28.     The main contention has been that the sentencing judge failed to take into sufficient account the mitigation in the context of the plea of guilty and the appellant’s circumstances.  Counsel submits that the plea of guilty was particularly important to bear in mind given the manner in which the appellant had addressed the matter in response to the gardaí.  If this is to be understood that an accused is to gain more credit because he pleaded guilty to greater offending than he was prepared to admit when questioned by the gardaí, we do not accept that as a matter of principle this is correct.  The opposite is usually the case; the earlier and more holistic the acceptance of guilt, the greater the mitigation because apart from the plea of guilty, there will be additional aspects to take into account such as genuine remorse and the real prospect of rehabilitation.  The plea of guilty must be given credit in its own right however, regardless of the circumstances in which it arises; the weight to be given to the plea is a factor to be assessed in light of the circumstances surrounding it.

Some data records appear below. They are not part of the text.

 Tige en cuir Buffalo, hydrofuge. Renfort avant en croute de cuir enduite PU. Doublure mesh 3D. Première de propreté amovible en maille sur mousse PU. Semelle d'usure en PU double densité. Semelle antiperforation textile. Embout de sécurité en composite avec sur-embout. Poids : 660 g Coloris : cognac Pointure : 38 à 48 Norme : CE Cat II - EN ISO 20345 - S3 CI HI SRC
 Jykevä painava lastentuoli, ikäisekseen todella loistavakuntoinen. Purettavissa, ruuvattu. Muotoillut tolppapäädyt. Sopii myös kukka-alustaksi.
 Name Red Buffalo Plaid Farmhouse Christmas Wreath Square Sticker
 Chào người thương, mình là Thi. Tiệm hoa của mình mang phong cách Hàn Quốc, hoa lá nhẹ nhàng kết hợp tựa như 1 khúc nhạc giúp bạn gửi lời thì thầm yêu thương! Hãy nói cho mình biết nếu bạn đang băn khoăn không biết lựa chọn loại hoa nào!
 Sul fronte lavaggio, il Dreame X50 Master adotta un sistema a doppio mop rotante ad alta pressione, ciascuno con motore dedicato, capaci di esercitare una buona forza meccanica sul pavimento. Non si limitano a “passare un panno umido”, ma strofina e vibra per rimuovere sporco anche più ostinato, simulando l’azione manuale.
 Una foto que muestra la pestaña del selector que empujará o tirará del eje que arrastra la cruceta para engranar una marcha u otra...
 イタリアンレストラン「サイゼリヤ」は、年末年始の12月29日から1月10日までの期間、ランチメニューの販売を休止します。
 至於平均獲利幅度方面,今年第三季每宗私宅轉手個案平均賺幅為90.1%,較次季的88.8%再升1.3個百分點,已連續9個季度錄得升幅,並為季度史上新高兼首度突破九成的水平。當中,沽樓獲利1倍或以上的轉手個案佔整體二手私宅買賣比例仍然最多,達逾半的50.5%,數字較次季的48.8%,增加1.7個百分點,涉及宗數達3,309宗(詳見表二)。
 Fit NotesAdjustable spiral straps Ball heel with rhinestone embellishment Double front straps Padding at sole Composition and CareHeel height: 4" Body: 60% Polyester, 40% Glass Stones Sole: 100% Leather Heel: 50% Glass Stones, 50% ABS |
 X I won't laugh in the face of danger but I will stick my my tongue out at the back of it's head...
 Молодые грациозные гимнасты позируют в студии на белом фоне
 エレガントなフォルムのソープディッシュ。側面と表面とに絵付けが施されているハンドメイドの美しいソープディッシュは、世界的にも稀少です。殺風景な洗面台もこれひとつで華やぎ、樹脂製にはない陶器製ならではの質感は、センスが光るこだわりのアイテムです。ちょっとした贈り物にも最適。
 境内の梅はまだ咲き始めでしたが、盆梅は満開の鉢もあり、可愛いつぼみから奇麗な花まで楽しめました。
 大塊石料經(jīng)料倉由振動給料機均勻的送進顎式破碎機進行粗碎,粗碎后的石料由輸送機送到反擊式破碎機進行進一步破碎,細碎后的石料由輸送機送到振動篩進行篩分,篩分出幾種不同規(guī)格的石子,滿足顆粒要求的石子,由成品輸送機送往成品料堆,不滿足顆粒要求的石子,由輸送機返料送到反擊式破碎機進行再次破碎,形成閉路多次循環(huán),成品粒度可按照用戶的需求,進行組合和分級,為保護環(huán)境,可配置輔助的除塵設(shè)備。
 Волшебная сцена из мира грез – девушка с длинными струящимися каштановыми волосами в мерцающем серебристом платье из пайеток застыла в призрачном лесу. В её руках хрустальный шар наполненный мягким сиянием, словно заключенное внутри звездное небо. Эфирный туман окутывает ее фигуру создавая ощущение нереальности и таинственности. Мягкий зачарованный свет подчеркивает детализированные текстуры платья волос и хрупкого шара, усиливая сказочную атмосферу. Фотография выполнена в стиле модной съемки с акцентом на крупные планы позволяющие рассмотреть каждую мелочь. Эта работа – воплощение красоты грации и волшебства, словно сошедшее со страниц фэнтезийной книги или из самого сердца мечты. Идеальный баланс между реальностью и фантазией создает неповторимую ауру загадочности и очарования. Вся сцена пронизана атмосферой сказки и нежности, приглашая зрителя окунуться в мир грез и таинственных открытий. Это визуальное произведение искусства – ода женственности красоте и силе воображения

29.     An unusual aspect of the appeal was the request that this Court take into account his culture as a Nigerian when assessing the fact that he denied these offences (and blamed his daughter as an instigator and her mother as having caused difficulties in their own relationship) when confronted by the gardaí.  We cannot let this go without comment.  This Court will not ascribe behaviours to an entire culture as to do so would be to adopt stereotypes leading to the dangers of discrimination.  We are satisfied in any event that in the present case, while his background as an asylum seeker might have given him reason to distrust police when first confronted, there is no basis for this submission in circumstances where following his plea of guilty he maintained his claims of innocence when dealing with the probation service and, it seems, throughout this entire process.

30.     The sentencing judge in this case took into account the difficult background of the appellant and gave credit for his plea of guilty in this case.  Given the facts before him, we are satisfied that the credit he gave for these matters was appropriate and there was no error in principle.  We are satisfied that the sentence was not excessive.

31.     In the circumstances, we dismiss this appeal.